Work request
Nothing is needed except the lines below that run from the one with "资产更新可以自动同步腾讯云上的资产,非腾讯云上资产,请参见 添加云外资产。 搜索资产" through the one with "Пижамный комплект Женский", repeated exactly.

Given information
»»
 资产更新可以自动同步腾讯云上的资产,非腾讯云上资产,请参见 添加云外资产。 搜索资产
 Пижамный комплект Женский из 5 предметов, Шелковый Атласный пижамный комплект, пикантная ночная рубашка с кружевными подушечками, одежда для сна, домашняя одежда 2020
««
»»
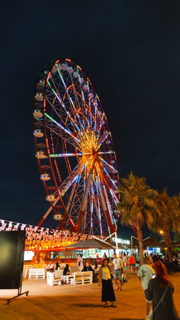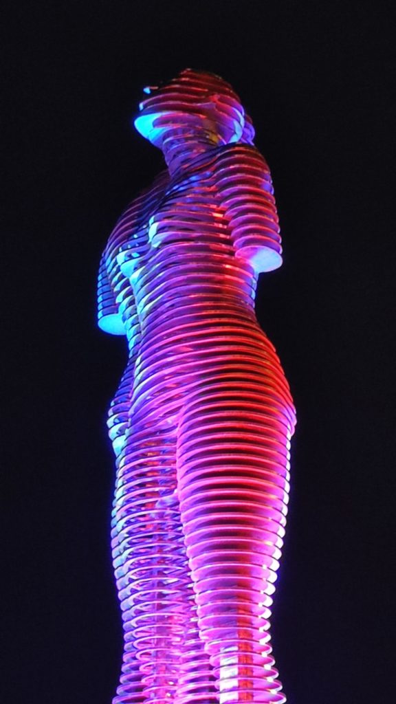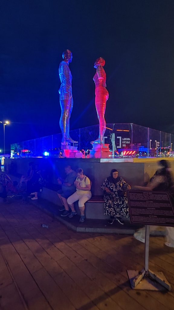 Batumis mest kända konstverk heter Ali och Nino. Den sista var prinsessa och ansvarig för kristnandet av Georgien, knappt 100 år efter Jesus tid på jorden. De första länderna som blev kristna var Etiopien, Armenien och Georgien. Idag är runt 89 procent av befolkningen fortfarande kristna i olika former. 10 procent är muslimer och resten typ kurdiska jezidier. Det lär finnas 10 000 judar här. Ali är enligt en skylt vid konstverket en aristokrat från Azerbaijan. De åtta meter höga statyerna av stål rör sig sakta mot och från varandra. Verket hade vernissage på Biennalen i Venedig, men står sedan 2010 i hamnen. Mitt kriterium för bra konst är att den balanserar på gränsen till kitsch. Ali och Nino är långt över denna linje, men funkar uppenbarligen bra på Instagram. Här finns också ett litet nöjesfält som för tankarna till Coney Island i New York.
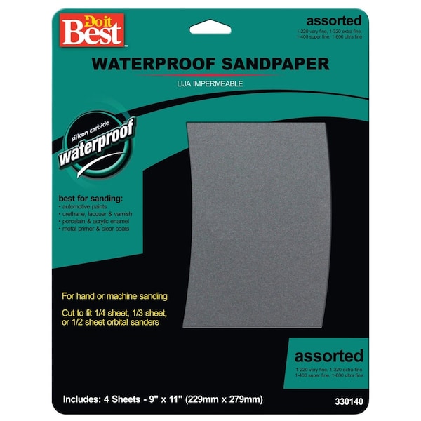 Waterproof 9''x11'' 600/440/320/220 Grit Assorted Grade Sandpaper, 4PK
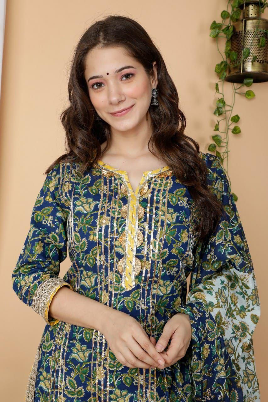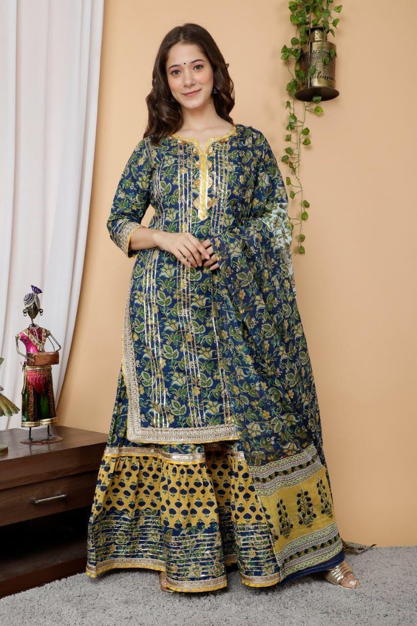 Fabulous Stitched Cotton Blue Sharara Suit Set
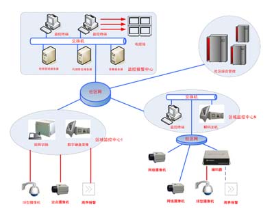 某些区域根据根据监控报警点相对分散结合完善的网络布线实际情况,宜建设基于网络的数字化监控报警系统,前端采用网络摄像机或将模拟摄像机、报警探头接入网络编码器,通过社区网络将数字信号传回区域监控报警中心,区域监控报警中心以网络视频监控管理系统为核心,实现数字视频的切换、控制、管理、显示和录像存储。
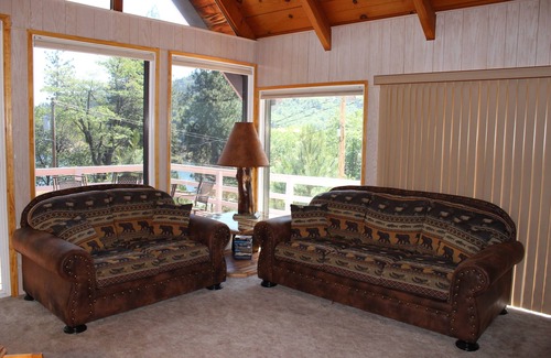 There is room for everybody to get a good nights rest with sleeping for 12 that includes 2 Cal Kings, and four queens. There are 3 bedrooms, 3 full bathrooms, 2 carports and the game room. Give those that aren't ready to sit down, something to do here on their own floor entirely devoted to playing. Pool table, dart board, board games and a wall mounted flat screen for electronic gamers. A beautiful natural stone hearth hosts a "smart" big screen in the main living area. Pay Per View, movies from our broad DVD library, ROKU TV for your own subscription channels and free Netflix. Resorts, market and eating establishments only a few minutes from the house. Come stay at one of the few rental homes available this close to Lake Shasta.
««
»»
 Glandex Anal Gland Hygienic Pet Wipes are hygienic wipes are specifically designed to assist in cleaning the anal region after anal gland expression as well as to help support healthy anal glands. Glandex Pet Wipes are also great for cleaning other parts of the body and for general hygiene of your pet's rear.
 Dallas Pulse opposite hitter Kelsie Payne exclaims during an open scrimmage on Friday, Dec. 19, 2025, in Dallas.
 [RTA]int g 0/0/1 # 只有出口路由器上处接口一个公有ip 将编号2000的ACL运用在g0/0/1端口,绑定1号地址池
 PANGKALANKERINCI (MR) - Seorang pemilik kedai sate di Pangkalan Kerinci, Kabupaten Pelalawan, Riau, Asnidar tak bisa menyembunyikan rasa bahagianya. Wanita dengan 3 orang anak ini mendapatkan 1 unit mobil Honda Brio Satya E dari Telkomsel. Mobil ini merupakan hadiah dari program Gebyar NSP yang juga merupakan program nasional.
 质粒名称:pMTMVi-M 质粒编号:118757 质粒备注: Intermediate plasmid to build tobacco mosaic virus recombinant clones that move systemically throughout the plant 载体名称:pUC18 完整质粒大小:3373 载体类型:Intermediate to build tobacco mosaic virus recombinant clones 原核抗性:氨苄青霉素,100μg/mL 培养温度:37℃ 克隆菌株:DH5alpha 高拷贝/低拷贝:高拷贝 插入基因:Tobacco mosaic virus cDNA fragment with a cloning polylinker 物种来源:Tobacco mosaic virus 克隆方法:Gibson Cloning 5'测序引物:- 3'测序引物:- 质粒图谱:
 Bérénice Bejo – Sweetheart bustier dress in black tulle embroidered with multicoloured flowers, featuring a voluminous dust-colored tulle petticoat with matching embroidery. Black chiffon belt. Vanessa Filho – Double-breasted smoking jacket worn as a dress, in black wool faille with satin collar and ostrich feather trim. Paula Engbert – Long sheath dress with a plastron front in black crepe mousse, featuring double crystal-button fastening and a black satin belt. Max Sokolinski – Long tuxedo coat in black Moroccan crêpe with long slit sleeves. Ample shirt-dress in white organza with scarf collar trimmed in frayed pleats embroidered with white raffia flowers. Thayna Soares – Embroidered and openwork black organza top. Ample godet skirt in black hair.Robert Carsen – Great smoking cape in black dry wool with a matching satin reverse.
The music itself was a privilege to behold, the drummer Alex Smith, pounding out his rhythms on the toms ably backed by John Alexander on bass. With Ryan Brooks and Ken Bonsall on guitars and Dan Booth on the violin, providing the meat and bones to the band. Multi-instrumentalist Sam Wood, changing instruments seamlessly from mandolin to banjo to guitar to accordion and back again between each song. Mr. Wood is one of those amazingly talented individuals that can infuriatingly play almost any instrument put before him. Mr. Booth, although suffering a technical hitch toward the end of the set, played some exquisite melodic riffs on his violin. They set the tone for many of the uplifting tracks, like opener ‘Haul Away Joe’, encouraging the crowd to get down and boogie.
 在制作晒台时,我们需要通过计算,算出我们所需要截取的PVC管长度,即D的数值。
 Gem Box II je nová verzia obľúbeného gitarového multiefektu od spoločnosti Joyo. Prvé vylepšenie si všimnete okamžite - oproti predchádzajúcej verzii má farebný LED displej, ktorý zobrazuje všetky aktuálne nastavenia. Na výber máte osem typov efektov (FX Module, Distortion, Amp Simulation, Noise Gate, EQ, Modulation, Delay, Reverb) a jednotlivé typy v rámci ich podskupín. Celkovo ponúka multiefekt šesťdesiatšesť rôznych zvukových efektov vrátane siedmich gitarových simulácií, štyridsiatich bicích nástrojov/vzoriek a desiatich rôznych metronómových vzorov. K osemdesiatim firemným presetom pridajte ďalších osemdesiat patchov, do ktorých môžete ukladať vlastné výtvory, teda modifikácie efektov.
««
Solved exercise
 资产更新可以自动同步腾讯云上的资产,非腾讯云上资产,请参见 添加云外资产。 搜索资产
 Пижамный комплект Женский из 5 предметов, Шелковый Атласный пижамный комплект, пикантная ночная рубашка с кружевными подушечками, одежда для сна, домашняя одежда 2020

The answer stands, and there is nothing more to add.